*** Supplied records ***

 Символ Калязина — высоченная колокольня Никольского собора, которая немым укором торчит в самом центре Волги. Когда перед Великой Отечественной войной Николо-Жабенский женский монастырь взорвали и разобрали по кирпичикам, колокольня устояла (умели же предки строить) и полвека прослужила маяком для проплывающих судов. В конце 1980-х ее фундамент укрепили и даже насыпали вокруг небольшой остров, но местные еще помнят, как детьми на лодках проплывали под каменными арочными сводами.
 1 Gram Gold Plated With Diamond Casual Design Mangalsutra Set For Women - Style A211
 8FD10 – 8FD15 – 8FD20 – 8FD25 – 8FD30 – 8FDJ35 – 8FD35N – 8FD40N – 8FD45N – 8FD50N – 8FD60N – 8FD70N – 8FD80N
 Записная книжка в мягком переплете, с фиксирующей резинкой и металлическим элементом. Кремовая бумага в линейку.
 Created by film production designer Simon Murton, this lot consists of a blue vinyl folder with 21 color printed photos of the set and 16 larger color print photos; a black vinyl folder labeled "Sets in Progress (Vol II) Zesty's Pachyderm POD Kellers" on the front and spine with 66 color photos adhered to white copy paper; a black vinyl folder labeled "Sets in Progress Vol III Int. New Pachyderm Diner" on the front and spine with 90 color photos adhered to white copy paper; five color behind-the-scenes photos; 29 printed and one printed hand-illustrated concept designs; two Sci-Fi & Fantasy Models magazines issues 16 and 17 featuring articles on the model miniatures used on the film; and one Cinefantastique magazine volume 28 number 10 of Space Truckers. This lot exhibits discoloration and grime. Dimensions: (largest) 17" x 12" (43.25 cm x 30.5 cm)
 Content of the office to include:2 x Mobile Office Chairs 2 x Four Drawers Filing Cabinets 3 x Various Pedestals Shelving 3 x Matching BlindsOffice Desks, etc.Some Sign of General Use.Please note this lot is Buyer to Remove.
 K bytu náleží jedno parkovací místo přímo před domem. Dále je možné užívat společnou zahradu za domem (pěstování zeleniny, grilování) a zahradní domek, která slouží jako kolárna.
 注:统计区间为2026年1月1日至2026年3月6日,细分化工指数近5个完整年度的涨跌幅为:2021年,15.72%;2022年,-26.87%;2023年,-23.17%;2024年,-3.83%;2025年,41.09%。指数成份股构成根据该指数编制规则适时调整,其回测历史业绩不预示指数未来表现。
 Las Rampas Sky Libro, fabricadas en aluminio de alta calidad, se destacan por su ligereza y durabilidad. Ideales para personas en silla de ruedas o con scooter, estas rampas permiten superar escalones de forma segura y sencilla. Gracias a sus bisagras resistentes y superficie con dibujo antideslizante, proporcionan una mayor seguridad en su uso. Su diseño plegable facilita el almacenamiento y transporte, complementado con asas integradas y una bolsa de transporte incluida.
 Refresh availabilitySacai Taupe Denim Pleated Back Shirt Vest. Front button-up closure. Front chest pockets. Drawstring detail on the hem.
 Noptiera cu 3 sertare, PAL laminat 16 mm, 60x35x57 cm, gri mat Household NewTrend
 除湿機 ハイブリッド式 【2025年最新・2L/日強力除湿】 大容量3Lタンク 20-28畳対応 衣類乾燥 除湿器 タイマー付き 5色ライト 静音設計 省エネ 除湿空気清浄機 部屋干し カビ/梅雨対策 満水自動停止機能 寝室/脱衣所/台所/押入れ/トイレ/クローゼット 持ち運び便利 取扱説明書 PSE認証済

*** End of Supplied records ***

__Requirement__.
Output an exact copy of the lines from the one holding "Las Rampas Sky" to the last line of the data, inclusive, and nothing beyond that range.

__Answer to the problem__.
 Las Rampas Sky Libro, fabricadas en aluminio de alta calidad, se destacan por su ligereza y durabilidad. Ideales para personas en silla de ruedas o con scooter, estas rampas permiten superar escalones de forma segura y sencilla. Gracias a sus bisagras resistentes y superficie con dibujo antideslizante, proporcionan una mayor seguridad en su uso. Su diseño plegable facilita el almacenamiento y transporte, complementado con asas integradas y una bolsa de transporte incluida.
 Refresh availabilitySacai Taupe Denim Pleated Back Shirt Vest. Front button-up closure. Front chest pockets. Drawstring detail on the hem.
 Noptiera cu 3 sertare, PAL laminat 16 mm, 60x35x57 cm, gri mat Household NewTrend
 除湿機 ハイブリッド式 【2025年最新・2L/日強力除湿】 大容量3Lタンク 20-28畳対応 衣類乾燥 除湿器 タイマー付き 5色ライト 静音設計 省エネ 除湿空気清浄機 部屋干し カビ/梅雨対策 満水自動停止機能 寝室/脱衣所/台所/押入れ/トイレ/クローゼット 持ち運び便利 取扱説明書 PSE認証済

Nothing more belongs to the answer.